Going on 25

First Quarter 2001

Editor's Watch

by James W. Skillen

The Center for Public Justice is now entering its 25th year. The first issue of the Public Justice Report's 25th volume will appear in January 2002. In several important respects, nothing has changed in 25 years. The Center was inaugurated to help develop and promote a deepened Christian approach to civic and governmental responsibility. Among our first concerns was to understand how government's policies should be designed to do justice to nongovernmental institutions and organizations such as families, schools, churches, and social service organizations. From the start, we were concerned about justice beyond American borders, including the just ordering of the international arena. Moreover, the Center has always aimed to be more than a policy research center or think tank and to encourage citizens and public officials in the fulfillment of their responsibilities.

In other respects, however, almost everything has changed. In the mid-1970s there was relatively little public discussion of faith and politics; the "culture wars" had not yet been named; the "civil society" debate had not yet begun. In the late 1970s, school-choice reforms were pushed by Democrats; welfare policy was not yet perceived by most peo-ple to be in crisis; the Cold War was still hot; and the Center for Public Justice did not yet have a full-time staff or an office in Washington. There were no e-mails or websites or faxes or cell phones.

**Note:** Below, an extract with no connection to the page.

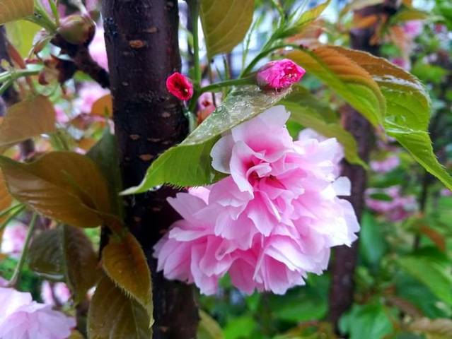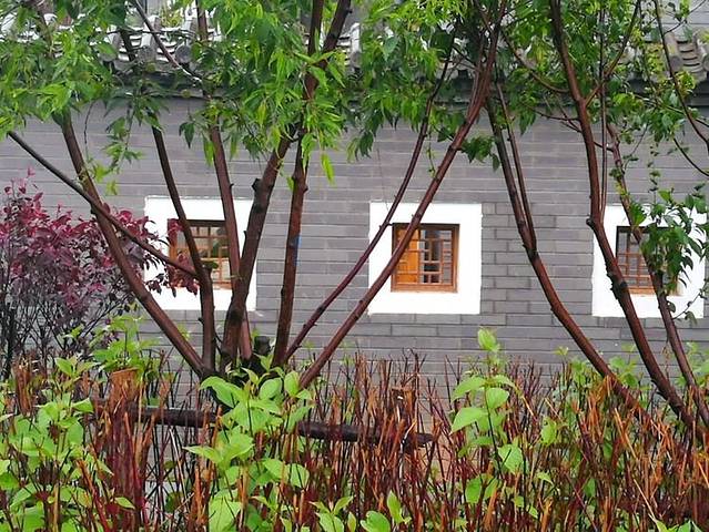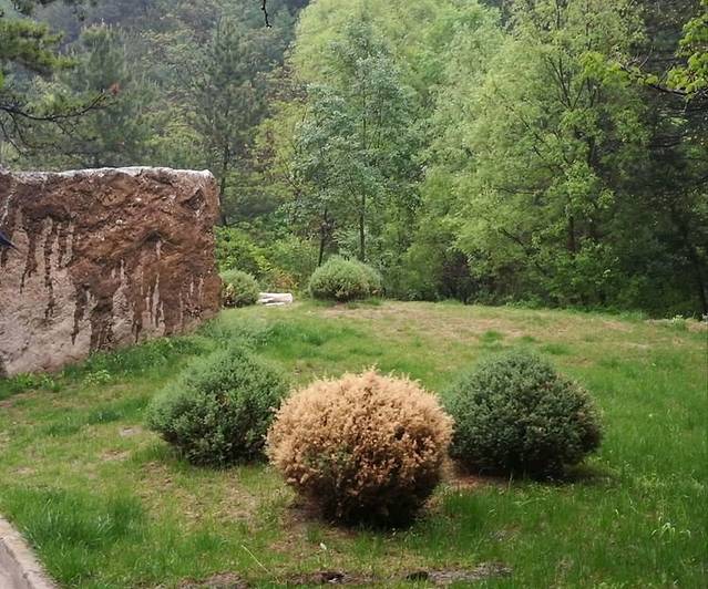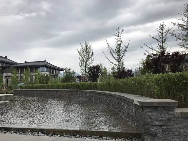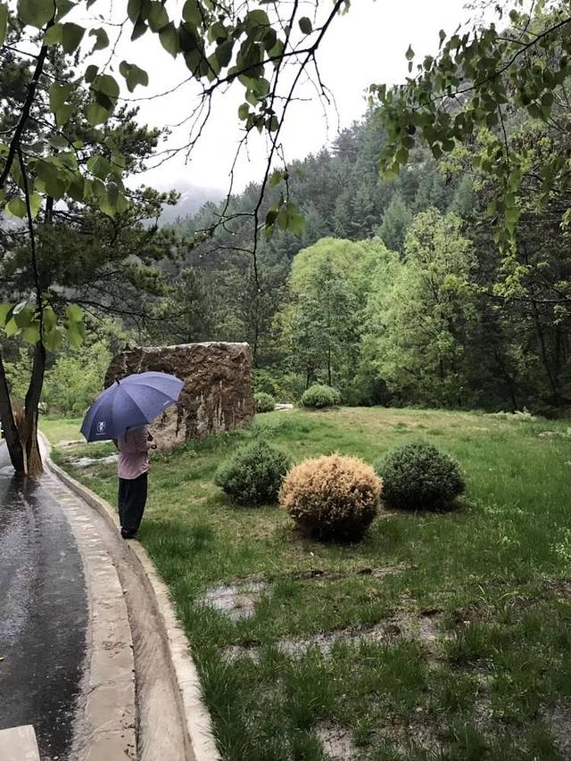 山里的天就像孩子的脸,早晨还是晴天丽日,下午已经细雨霏霏了,撑起伞,在度假区里信步,凝眸于枫叶上的水珠,穿过石盘铺成的小路,看红鱼在碧水里嬉戏,巨大的水车缓缓的转动,一座座汉唐风韵的建筑招引着我,雪霁堂、百渡食府、竹里馆、白桦林·温泉谷,诗意的分布在度假区里,远山将度假区环绕在中间,像母亲温柔的怀抱,我一向是个守规矩的人,今天却第一次逃了课,忘记了竹里馆里的诗韵墨香,一任自己沉迷在这清宁的世界里,伞间有樱花的芬芳。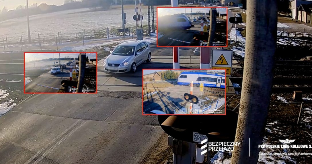 Film z kolejowego thrillera, na szczęście ze szczęśliwym finałem, opublikowały PKP Polskie Linie Kolejowe. Do zdarzenia doszło na przejeździe w Starej Wsi koło Piotrkowa Trybunalskiego (woj. łódzkie) 17 lutego. Kierująca Volkswagenem zamierza pokonać tory, co warto podkreślić – zgodnie z przepisami: światła ostrzegawcze się nie palą, szlabany są podniesione.

Today, the Center's mission is summarized in three phrases: to equip citizens, develop leaders, and shape policy. The mission is the means of fulfilling the Center's calling to serve God, advance justice, and transform public life. With e-mail, a website, fax machines, and cell phones, the Center continues to develop a Christian philosophy of government, to help shape the civil-society debate, and to work internationally, as this issue of the Public Justice Report illustrates. Stanley Carlson-Thies, who, from 1993 to the beginning of this year served as the Center's director of policy studies and shaped much of the debate over government's relation to faith-based organizations, continues that work in the White House Office of Faith-Based and Community Initiatives. Colleagues and friends in this country and around the world help the Center pay close attention to developments in other parts of the world.

Many of the challenges the Center faces today arise from the difficulty of communicating clearly and honestly in a world where people are inundated with information but have little time to think, a world where polarizing politics and ideologies keep citizens from opening their minds to new perspectives and approaches. We live in a day when Christians, like everyone else, want quick answers of political right or wrong.

Although there is more discussion of religion and politics today than there was 25 years ago, this is not a day in which most Christians are clamoring for the development of a careful, thoughtful, internationally attentive approach to politics and government. Through this publication and other means of communication the Center wants to find and encourage everyone who does want to help develop such an approach.